WePay Takes On Square

WePay mPOS

Software and payments are always better together, but SMBs have struggled to make software and payments seamless across all of the channels they do business. WePay’s launch today of a white label mPOS offering for software firms, CEO Bill Clerico tells Karen Webster, is proof that starting with software and embedding payments within gives SMBs more control over how they do business.

In payments, brand matters, more so now than it ever did, and for SMBs adopting mobile commerce initiatives, speed matters too – speed to market and speed to accepting payments in any manner customers desire.

Considering the fact that a majority of transactions for these smaller merchants still take place in person, at the point of sale, it is crucial to have technology in place that does the heavy lifting across several functions, from hardware that interacts with customer cards to back office reconciliation of payments. 

To that end, WePay, which offers payments as a service for online platforms that include FreshBooks, GoFundMe, and Constant Contact, is announcing today (May 16) that it is offering white label point of sale solutions that can enable the in-person transactions for the SMBs who wish to accept payments anywhere they encounter a customer.

By offering the white label option to its software providers (who in turn can offer it directly to their business customers), WePay enables payments acceptance to any online and physical channel that software platform’s end customer does business.
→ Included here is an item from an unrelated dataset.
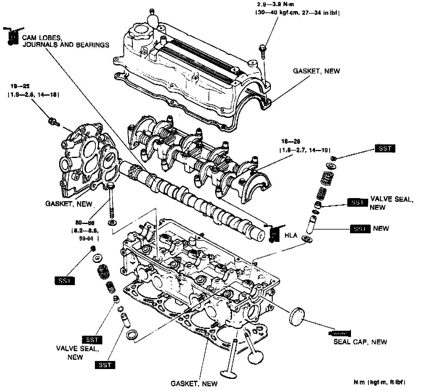 Tighten the cylinder head bolts in two or three steps in the order shown in the figure.

Now, any of WePay’s platform customers can provide branded card readers to their customers without taking on any of the attendant costs of building or maintaining such hardware or software.

In an interview with Karen Webster before the announcement, WePay CEO Bill Clerico said that the debut of the new reader “allows anyone to compete with Square.” Clerico contends that software companies that serve small businesses shouldn’t have to refer those companies to a third party to accept in-person payments – but rather offer that service under their own brand as part of their solution.

“Obviously the movement that is called integrated payments has been happening for a while,” Clerico noted, “but 90 percent of commerce happens in-person.”  The push to offer a white label reader, he continued, “is really a switch from online integrated payments to omnichannel integrated payments.”

The initial launch is being done in tandem with FreshBooks and Infusionsoft. At the point of sale, in an in-person transaction, offline data is synced with the merchant’s software tied to its payments platform, and thus eliminates the need to conduct any manual data entry.

The technology, itself through the reader, plugs directly into iOS and Android devices, which in turn allows the merchants to accept payments across both EMV chip cards and magnetic stripe cards.  The company said today that software companies and platforms need only add some code to their software and also their mobile applications in order to integrate the reader.

Clerico told Webster that the pricing is set at 2.75 percent per transaction plus a $0.30 fee, and additional pricing tied to technology implementation itself is determined by the number of readers ordered and also the level of customization that might take place at a given merchant.

“The main value proposition,” said Clerico, “is that [merchants] can send invoices out using the software, and can get paid online, or get paid using mPOS and get all the reporting in one place that is tightly integrated within the software. Before these businesses had separate accounts to do invoicing and reporting. SMBs would have their Square account, their PayPal account and they had to keep track of all of it. We think it’s much better to have all the data in one place so that the business can focus on sales and growth and not administrative details and manual account reconciliation.”